The amount you owe for health care services your health insurance or plan covers before your health insurance or plan begins to pay. For example, if your deductible is $1,000, your plan won’t pay anything until you’ve met your $1,000 deductible for covered health care services subject to the deductible. The deductible may not apply to all services.

Premium

The amount that must be paid for your health insurance or plan. You and/or your employer usually pay it monthly, quarterly, or yearly.

Dental plan coverage details

Dental plan types

1. HMOs (Health Maintenance Organizations)

HMOs may limit coverage to providers inside their networks. A network is a list of doctors, hospitals, and other health care providers that provide medical care to members of a specific health plan. If you use a doctor or facility that isn't in the HMO’s network, you may have to pay the full cost of the services provided. HMO members usually have a primary care doctor and must get referrals to see specialists.

2. PPOs (Preferred Provider Organizations) and POS (Point-of-Service plans)

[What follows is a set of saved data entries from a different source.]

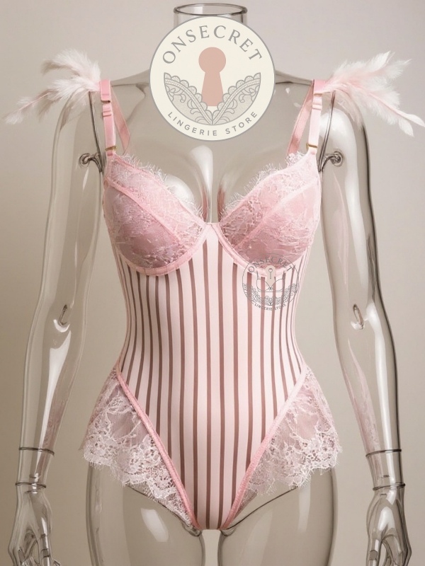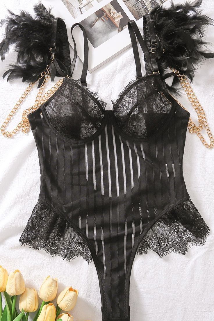بادی فانتزی زنانه پر و زنجیردار، فاق قزندار کد 1044 / M343
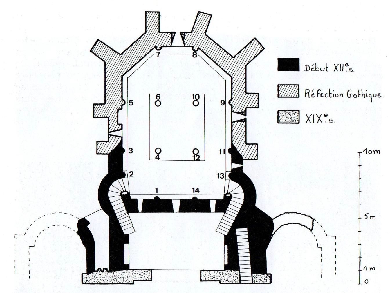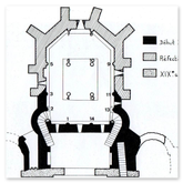 Bau akt 1200 (vor) Ostquerhauss; Drei Apsiden; Westbau; Krypta
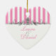 Este ornamento listrado cor-de-rosa e branco tem detalhes de rolagem prateada e é personalizado como um Primeiro Natal em conjunto. Corresponde à coleção de casamento mostrada abaixo, e faria uma boa manutenção do seu dia especial, ou um presente de excelente para os recém-casados.
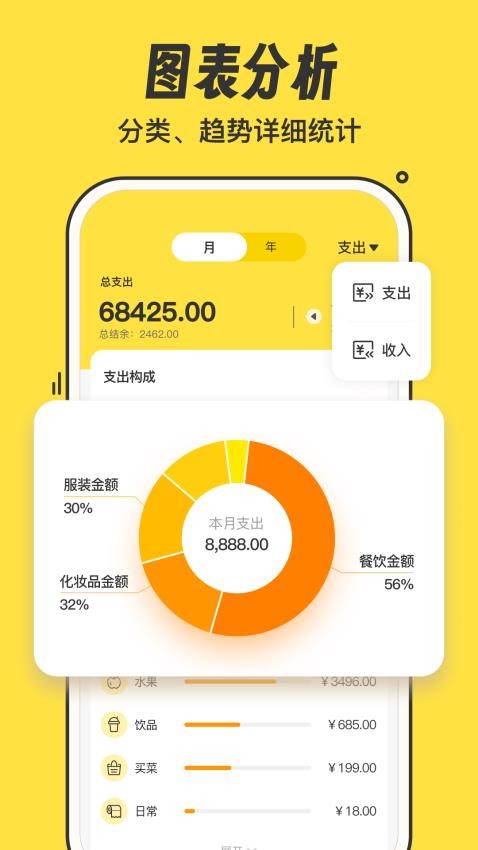 系统会自动将用户的收支按照餐饮、交通、购物等不同类别进行分类管理。用户可以根据自己的需求自定义分类,建立个性化的记账体系。清晰的分类让账目查询更加便捷,帮助用户快速了解各项支出的占比情况。

These insurance plans give you a choice of getting care within or outside of a provider network. With PPO or POS plans, you may use out-of-network providers and facilities, but you’ll have to pay more than if you use in-network ones. If you have a PPO plan, you can visit any doctor without a referral. If you have a POS plan, you can visit any in-network provider without a referral, but you’ll need one to visit a provider out-of-network.

3. Multi-State

Multi-State Plan options are consumer-friendly insurance choices backed by the experience of the U.S. Office of Personnel Management (OPM), the same agency that oversees health insurance for Federal employees.

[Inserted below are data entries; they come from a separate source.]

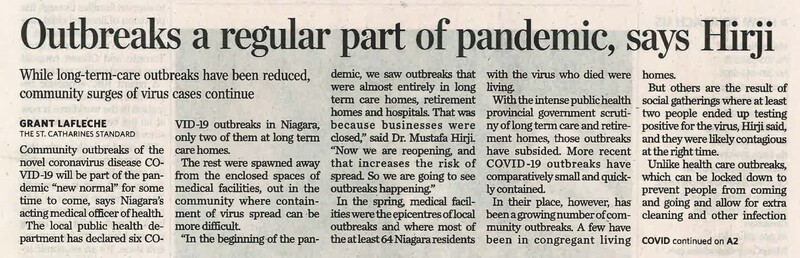 - Outbreaks a regular part of pandemic, says Hirji : While long-term care outbreaks have been reduced, community surges of virus cases continue
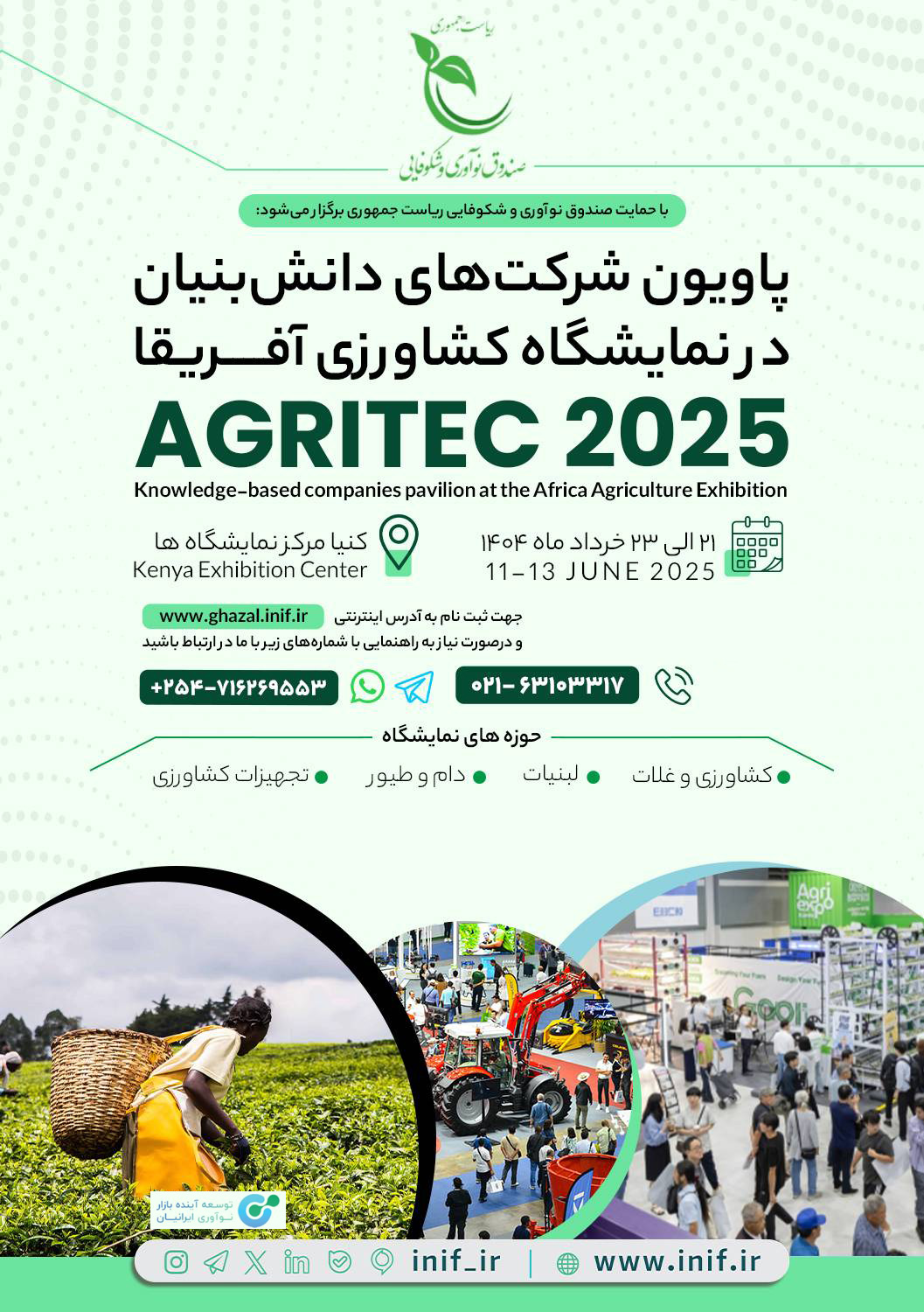سامانه غزال (Ghazal.inif.ir) > توانمندسازی و کمک > توسعه بازار > پاویون شرکت‌های دانش‌بنیان در نمایشگاه کشاورزی کنیا (Agritec Africa 2025)
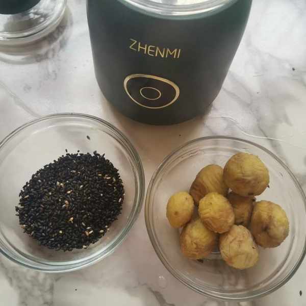 所用資料:黑芝麻半碗,栗子10顆,牛奶少許,水適量。
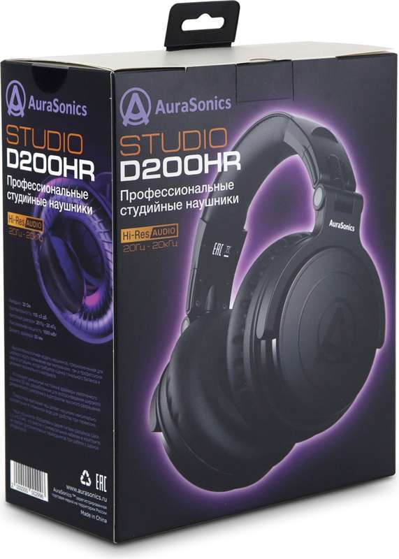 AuraSonics Studio D200HR наушники проводные, закрытые, драйверы 50мм, 20-20 000 Гц, складная конструкция, импеданс 32Ом, чувствительность 105 дБ, мощность 1600 мВт, 2 сменных кабеля, сменные амбушюры

4. Plans with a National Provider Network

Plans with a national provider network let you to see providers nationwide. You can get health services at a lower rate if you use the doctors, hospitals, and specialists within the plan’s network.

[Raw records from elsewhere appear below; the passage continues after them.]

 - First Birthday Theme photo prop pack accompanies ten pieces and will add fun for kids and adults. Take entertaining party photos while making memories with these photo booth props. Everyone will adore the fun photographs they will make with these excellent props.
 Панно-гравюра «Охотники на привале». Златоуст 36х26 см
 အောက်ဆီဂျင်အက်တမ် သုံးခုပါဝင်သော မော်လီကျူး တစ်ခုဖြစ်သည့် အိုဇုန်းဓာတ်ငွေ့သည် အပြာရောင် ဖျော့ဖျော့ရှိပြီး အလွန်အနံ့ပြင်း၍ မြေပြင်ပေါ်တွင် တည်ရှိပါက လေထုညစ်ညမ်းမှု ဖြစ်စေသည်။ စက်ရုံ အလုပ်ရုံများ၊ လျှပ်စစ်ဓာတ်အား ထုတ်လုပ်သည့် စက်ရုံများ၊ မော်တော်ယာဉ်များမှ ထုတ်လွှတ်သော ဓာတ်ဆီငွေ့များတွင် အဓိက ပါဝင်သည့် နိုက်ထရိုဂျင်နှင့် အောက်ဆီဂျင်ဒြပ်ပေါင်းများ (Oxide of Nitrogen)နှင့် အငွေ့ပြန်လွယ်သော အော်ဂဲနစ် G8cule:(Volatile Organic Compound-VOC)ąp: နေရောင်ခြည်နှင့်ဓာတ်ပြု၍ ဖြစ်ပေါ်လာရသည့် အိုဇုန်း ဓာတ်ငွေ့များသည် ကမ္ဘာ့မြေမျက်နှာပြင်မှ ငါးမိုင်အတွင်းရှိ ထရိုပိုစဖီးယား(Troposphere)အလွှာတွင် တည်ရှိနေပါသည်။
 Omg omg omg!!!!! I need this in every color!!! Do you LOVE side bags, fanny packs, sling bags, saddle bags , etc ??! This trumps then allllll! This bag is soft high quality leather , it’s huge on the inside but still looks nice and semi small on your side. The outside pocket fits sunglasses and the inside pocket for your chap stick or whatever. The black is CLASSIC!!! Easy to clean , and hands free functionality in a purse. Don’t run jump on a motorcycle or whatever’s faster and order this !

In tiered provider networks, health insurance companies place providers, like doctors and hospitals, into tiers (usually just 1, but sometimes 2 or 3). You may pay different levels of copayments, coinsurance, and/or deductibles depending on the tier of your health care provider. The lower the tier, the less you’ll pay for a covered service or supply.

5. Indemnity

These insurance plans don’t have a network of providers they contract with. You’ll receive covered benefits from any doctor you choose.

6. Referral needed

Some plans require you to have a referral: a written order from your primary care doctor to see a specialist or get certain medical services. In many Health Maintenance Organizations (HMOs), you need to get a referral before you can get medical care from anyone except your primary care doctor. If you don’t get a referral first, the plan may not pay for the services.